Problem statement
Verbatim copy without images: return all of the data as it stands.

Available data

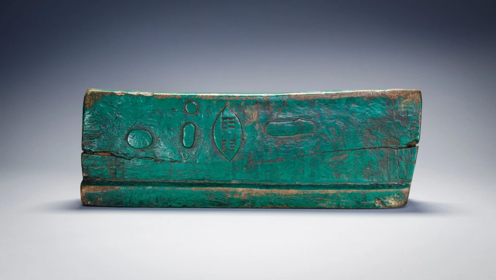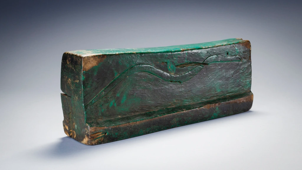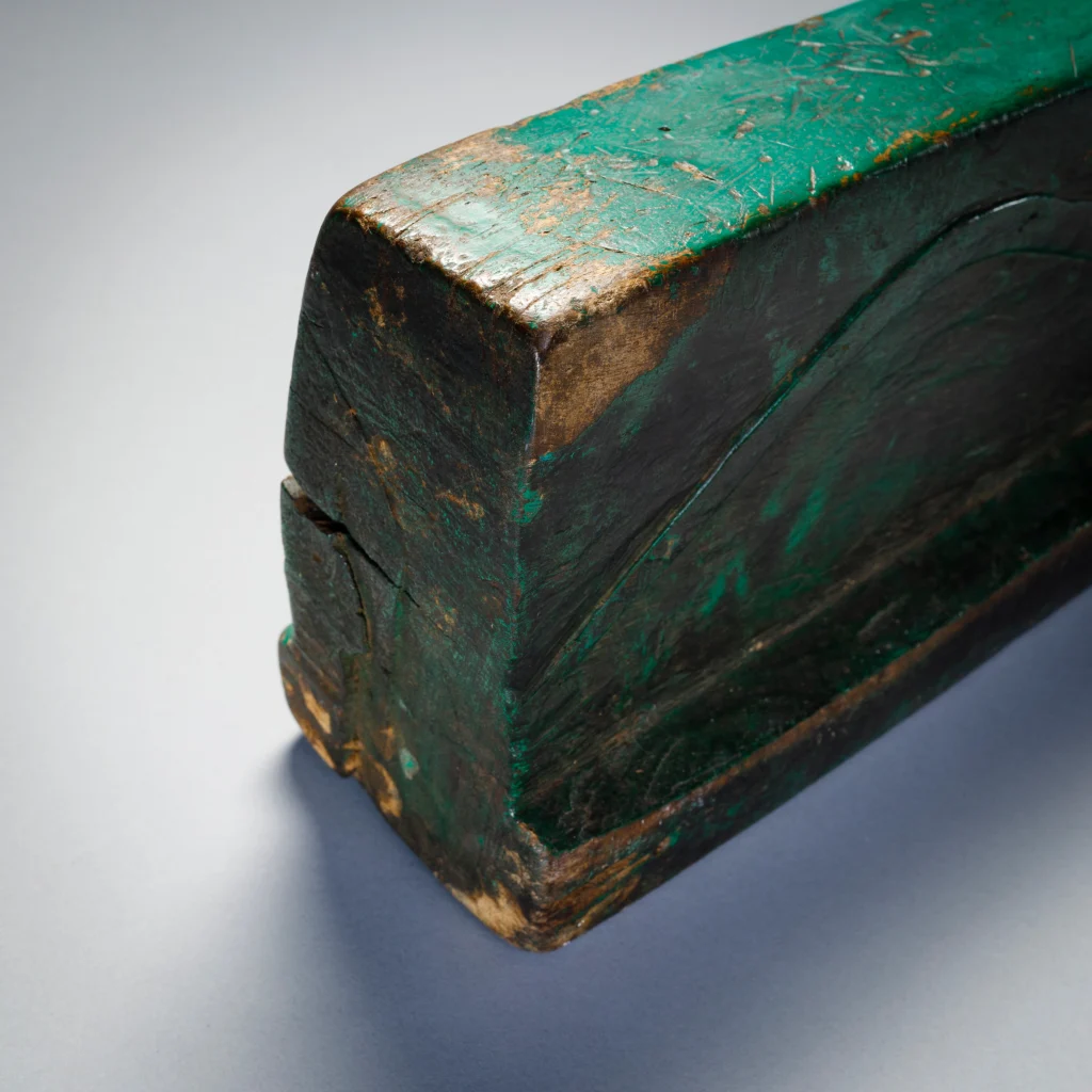 Bert Garrebeck a recueilli cet appui-tête vert en décembre, à l’approche de Noël en 1983, dans le district de Nongoma.Il est resté environ six semaines dans les montagnes (il y a appris la langue zouloue , petit à petit…) et a commencé à voyager au Kwazulu Natal vers 1974 jusqu’en 1997.Il a découvert l’appui-tête vert ainsi qu’un appui-tête double et beaucoup de matériel zoulou fantastiques chez une même famille.Ces gens ont été chassés par les « afrikaners » blancs vers 1950 jusqu’au nord du Kwazulu Natal.L’appuie-tête vert (izigqiki) est utilisé par l’homme et la femme mariés comme soutien pour leurs nuques pendant leur sommeil.Il y a une raison particulière à la couleur verte… Bert Garrebeck a collectionné plusieurs centaines de vaisselles zouloues, dont certaines ont des couleurs bleues , jaunes ou vertes.En effet, lors des grandes fêtes où l’on buvait beaucoup de bière…. On savait, grâce à la couleur de la vaisselle , à qui elle appartenait.Cette caractéristique, associée à de petits motifs décoratifs apparemment placés au hasard, dont un bouclier et la lettre « i », en fait une pièce inhabituelle.
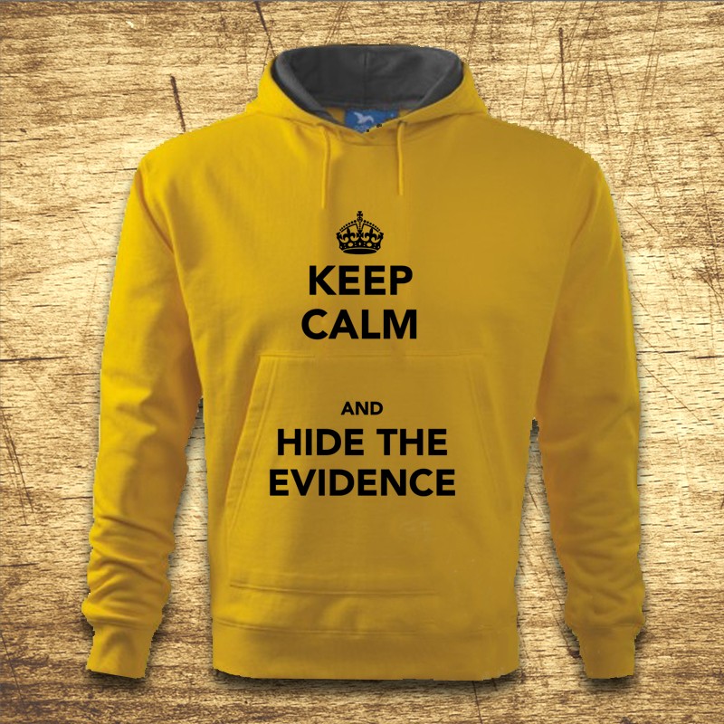 Mikina s kapucňou s motívom Keep calm and hide the evidence
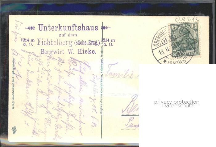 42275779 alte Postkarte Oberwiesenthal Erzgebirge Fichtelberg Unterkunftshaus postalisch gelaufen Erhaltung siehe scans KatCode: 11110014171240

Response to this exercise
 Bert Garrebeck a recueilli cet appui-tête vert en décembre, à l’approche de Noël en 1983, dans le district de Nongoma.Il est resté environ six semaines dans les montagnes (il y a appris la langue zouloue , petit à petit…) et a commencé à voyager au Kwazulu Natal vers 1974 jusqu’en 1997.Il a découvert l’appui-tête vert ainsi qu’un appui-tête double et beaucoup de matériel zoulou fantastiques chez une même famille.Ces gens ont été chassés par les « afrikaners » blancs vers 1950 jusqu’au nord du Kwazulu Natal.L’appuie-tête vert (izigqiki) est utilisé par l’homme et la femme mariés comme soutien pour leurs nuques pendant leur sommeil.Il y a une raison particulière à la couleur verte… Bert Garrebeck a collectionné plusieurs centaines de vaisselles zouloues, dont certaines ont des couleurs bleues , jaunes ou vertes.En effet, lors des grandes fêtes où l’on buvait beaucoup de bière…. On savait, grâce à la couleur de la vaisselle , à qui elle appartenait.Cette caractéristique, associée à de petits motifs décoratifs apparemment placés au hasard, dont un bouclier et la lettre « i », en fait une pièce inhabituelle.
 Mikina s kapucňou s motívom Keep calm and hide the evidence
 42275779 alte Postkarte Oberwiesenthal Erzgebirge Fichtelberg Unterkunftshaus postalisch gelaufen Erhaltung siehe scans KatCode: 11110014171240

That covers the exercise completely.